## Data records
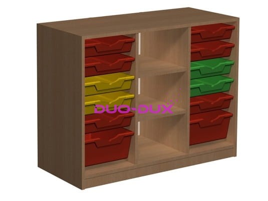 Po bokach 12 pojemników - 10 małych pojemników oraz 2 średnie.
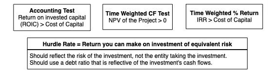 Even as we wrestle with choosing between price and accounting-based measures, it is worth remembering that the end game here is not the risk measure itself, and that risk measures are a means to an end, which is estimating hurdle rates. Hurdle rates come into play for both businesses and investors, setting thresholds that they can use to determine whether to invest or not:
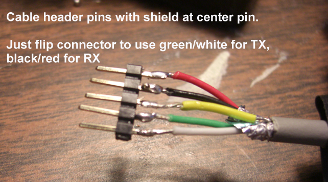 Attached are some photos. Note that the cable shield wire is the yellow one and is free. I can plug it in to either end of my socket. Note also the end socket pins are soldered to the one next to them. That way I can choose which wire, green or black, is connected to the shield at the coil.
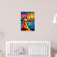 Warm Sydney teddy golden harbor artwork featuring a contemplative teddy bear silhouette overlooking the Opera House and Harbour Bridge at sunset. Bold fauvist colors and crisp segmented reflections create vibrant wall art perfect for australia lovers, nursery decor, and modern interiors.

--

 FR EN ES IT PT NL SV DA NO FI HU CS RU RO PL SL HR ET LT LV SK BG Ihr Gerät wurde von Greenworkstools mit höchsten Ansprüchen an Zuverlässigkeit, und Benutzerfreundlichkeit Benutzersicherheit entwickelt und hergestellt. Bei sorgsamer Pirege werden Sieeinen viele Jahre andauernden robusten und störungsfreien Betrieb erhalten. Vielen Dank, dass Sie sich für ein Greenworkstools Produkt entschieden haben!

## Aim of the task
What you need to produce is an exact copy of the entries above, limited to the lines from the one with "Po bokach 12" up to and including the one with "Even as we wrestle", without pictures.

## Result of this exercise
 Po bokach 12 pojemników - 10 małych pojemników oraz 2 średnie.
 Even as we wrestle with choosing between price and accounting-based measures, it is worth remembering that the end game here is not the risk measure itself, and that risk measures are a means to an end, which is estimating hurdle rates. Hurdle rates come into play for both businesses and investors, setting thresholds that they can use to determine whether to invest or not:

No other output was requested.